Expert Opinions and the Garbage In Garbage Out Principle

Much like the computer science principle of Garbage In Garbage Out, if an expert opinion is based on facts a Court does not accept than the opinions will ultimately be of little value.  Reasons for judgement were released this week by the BC Supreme Court, Vancouver Registry, demonstrating this principle.
In this week’s case (Amini v.Khania) the Plaintiff was involved in a 2009 collision that the Defendant was at fault for.    The Plaintiff suffered from chronic neck pain and headaches following the collision.   The Defendant arranged a defense medical exam with a physician who minimized the connection of the collision to the Plaintiff’s chronic symptoms noting the plaintiff had degenerative changes and that “he likely would have become symptomatic regardless of the accident“.
In rejecting this opinion the Court noted that the physicians assumed facts differed from those accepted by the Court and provided the following reasons:

[33]         I prefer the diagnosis of Drs. Beheshti, Javidan, and Jordan over the diagnosis of Dr. Dommisse in this regard.  I make a number of findings of fact that are contrary to the facts assumed by Dr. Dommisse.  First, I cannot find that Mr. Amini worked seven days a week after the accident for a year doing gardening, paving and fence making.  I find as a fact that he did not return to his landscaping work immediately and, when he did, it was in a reduced capacity due to the physical limitations caused by the accident.  Second, the opinion of Dr. Dommisse appears to be based on very little knowledge of the pre-accident functioning of Mr. Amini.  It appears that Dr. Dommisse did not know how many days per week Mr. Amini worked delivering papers both before and after the accident and that he had “no idea” of the housekeeping duties of Mr. Amini before and after the accident.  In fact, Dr. Dommisse testified that, after the accident:  “… I would doubt that Mr. Amini does any housekeeping personally, but, again, as I said, I have – I have no idea.”

[34]         I also cannot conclude that the degenerative changes described by Dr. Dommisse would have become symptomatic inevitably.  I am satisfied that degenerative change is not an infrequent finding on an X-ray of a person in their mid‑50s and, despite the presence of such degeneration, it cannot be assumed to already be or to become symptomatic.  The opinion of Dr. Dommisse that the onset of Mr. Amini’s symptoms would have been present by his mid-50s was only what he referred to as “my guess”.

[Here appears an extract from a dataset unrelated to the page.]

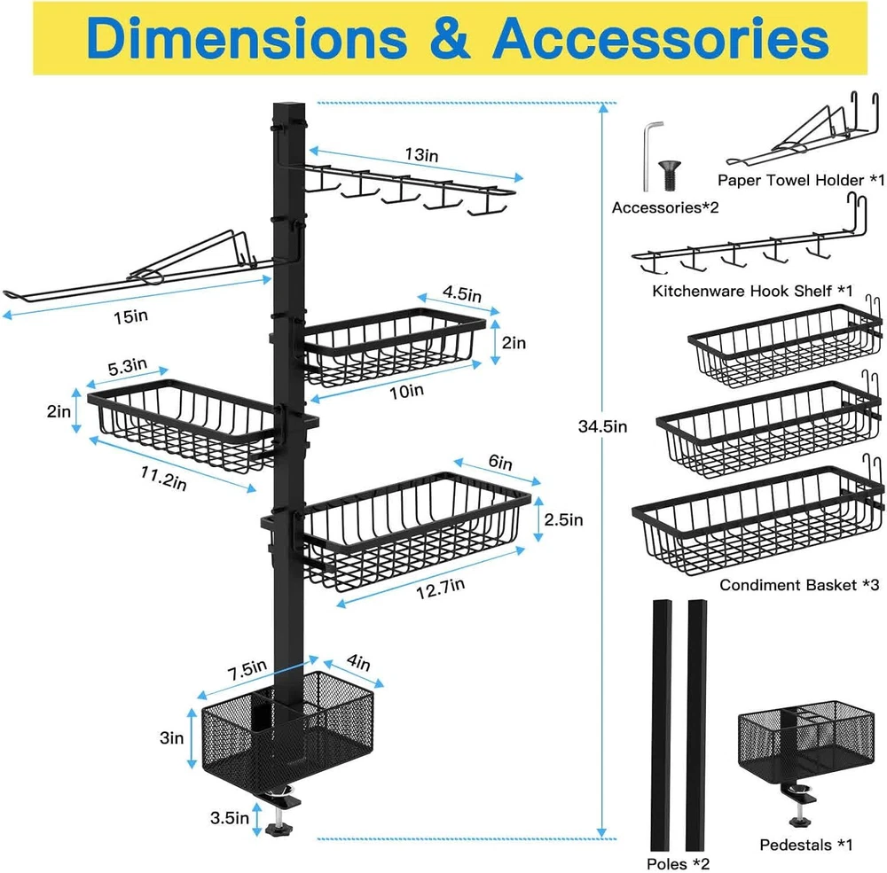 Free eBay listing template designed by dewiso.com Griddle Caddy for Blackstone Griddle Accessories, BBQ Grill Caddy with Paper Towel Holder, Outdoor Kitchen Accessories for Camper, Grill Accessories Organizer, Picnic Utensil Condiment Caddy FREE AND FAST SHIPPING! About this item 【New Upgraded Blackstone Accessories】: We have upgraded the structural design of this grill accessories for outdoor grill so that it can be selected in four directions. You can choose more freely when installing parts such as paper towel holders and condiment baskets. In the desired hanging direction, you can no longer worry about oil dripping from the upper hanging accessories onto the condiment jars! 【High Quality & Large Capacity】: This blackstone griddle accessories adopts high-quality powder coating + high-quality steel material structure to ensure its durability. In addition to this, we have equipped the product with a total of three spice racks. With a 10-in-1 tool hook and paper towel holder, all barbecue supplies are organized and stored at once, so the countertop is no longer cluttered! 【Windproof Paper Towel Holder】: This is a perfect outdoor kitchen Accessories. We are well aware of the trouble of paper towels being blown away by the wind during outdoor barbecues. To solve this problem, we added a paper towel arm to the paper towel holder to prevent paper towels from scattering. Scattering will no longer happen and you can enjoy your BBQ party with confidence! 【High Compatibility & Multi-Functional Use】: We have lengthened the distance from the bottom bolt to the metal base, making it easier to install on a variety of flat desktops, including kitchen countertops, next to grills, and patio table tops. Great place to use it. The product also comes with a storage bag for you to store and carry this essential set of camper essentials. 【Grilling Gifts for Father/Husband...】This is the best camping gifts and camper must haves for anyone who loves outdoor BBQs and picnics. If your grill caddy is missing accessories or the product is damaged. Please feel free to contact us, and we will solve it for you as quickly as possible. Product We offer a 30-Day Return Policy on items which you are not completely satisfied with. You have the option for a full-refund or an exchange of the item. No returns are available on items shipped outside of the US . Shipping We offer Free Shipping to the US and ship within 2 business days of payment, usually sooner. We use UPS express shipping. That's why your products are usually delivered within 3 days . Contact We try our very best to make sure every customer is completely satisfied. If there's a problem , message us! We're happy to help. 24/7 live chat available.

[35]         I accept the opinion of Dr. Fuller that the prognosis for spontaneous resolution of symptoms of Mr. Amini “… can be considered guarded, if not poor”.  I also accept his opinion that Mr. Amini has reached maximum medical recovery.  I further accept the opinion of Dr. Fuller that degenerative change evidence is a normal phenomenon of aging not related to the accident.  I find that Mr. Amini sustained a grade 2 strain of his cervical and thoracic spine and his lumbosacral spine as a result of the accident which has resulted in decreased flexion and extension, reduced rotation of the cervical spine, and reduced lateral flexion, and that these injuries have continued to cause pain and suffering and physical restrictions.

In assessing non-pecuniary damages at $70,000 for the collision’s role in the lingering symptoms Mr. Justice Burnyeat provided the following reasons:

[46]         Here, I find that there was little, although some, likelihood that Mr. Amini would have begun to experience some pain as a result of the degeneration noted in his x‑rays.  Having made that determination, I also have made the finding that the degeneration was asymptomatic by age 55 when the accident occurred, despite the fact that Mr. Amini had two strenuous, labour-intensive occupations.  While I am in general agreement with counsel for Mr. Amini that the appropriate range of awards for non-pecuniary damages would be $75,000 to $85,000, I take into account all of the factors noted above and award non-pecuniary damages in the amount of $70,000.